チエンベツ川の北隣りを流れる川の名前です。現地では「建根別」と漢字表記されるケースもあるようですね。

今回も「羅臼町史」を見てみましょうか。

○建根別(ケンネベツ)
 岬町の一部、現在、川、橋などにその名が冠されている。知床日誌にもケンネベツなる地名が見あたらず。
(羅臼町史編纂委員会・編「羅臼町史」p.58 より引用)

……あれ? これで終わりですか?(汗) これ、町史の「羅臼地名解」という章からの引用なんですが、何の解釈も示されないまま終わってしまっていますね。

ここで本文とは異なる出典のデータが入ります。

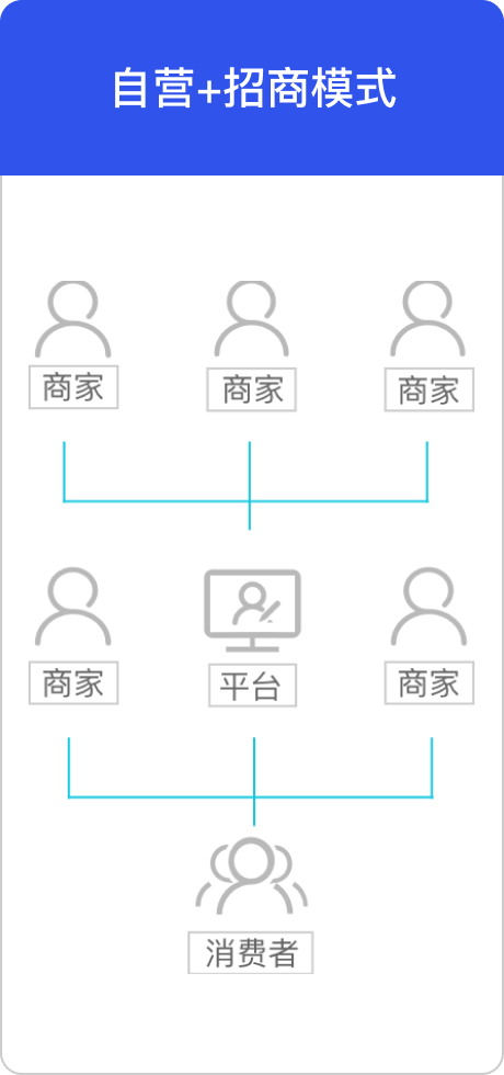 类似京东或天猫的运营模式,企业可构建平台型商城整合多家商家入驻到平台开店,同时也支持自营

「ケンネベツ」という音から素直に解釈すると、kene-pet で「ハンノキ・川」でしょうか。知里さん風に考えると kene(-us-)-pet で「ハンノキ(・多くある)・川」あたりかも知れません。中標津の「計根別」と同じ地名だったんじゃないかと思うのですが、いかがでしょうか。

キキリベツ川

建根別橋を渡って更に北に向かうと、岩見橋で「ショウジ川」を渡ります(これはおそらく so-us-pet で「滝・ある・川」でしょう)。その後「キキリベツ崖」を北浜覆道で通り抜けると「キキリベツ川」です。「この先世界遺産地域です」という看板のあるところですね。

では、今回も「羅臼町史」から。

○キキリベツ
 北浜の一部。川、橋などに名が冠されている。
(羅臼町史編纂委員会・編「羅臼町史」p.58 より引用)

この書き出しもパターン化しつつありますね。もちろん続きがあります。

夷名キキリベツで「蚊(キキリ)の多い川」との意味である。
(羅臼町史編纂委員会・編「羅臼町史」p.58 より引用)

うおっ。kikir は「虫」だとされますが、知里さんの「分類アイヌ語辞典・動物編」には美幌・足寄・広尾で採取した語彙として「蚊」と明記されています(千島では etú-tanne とあるのが少々気になりますが)。

kikir-pet だと「蚊・川」で、知里さん風に補完すると kikir(-un)-pet あるいは kikir(-us)-pet で「蚊(・いる)・川」あるいは「蚊(・多い)・川」だったのでしょうね。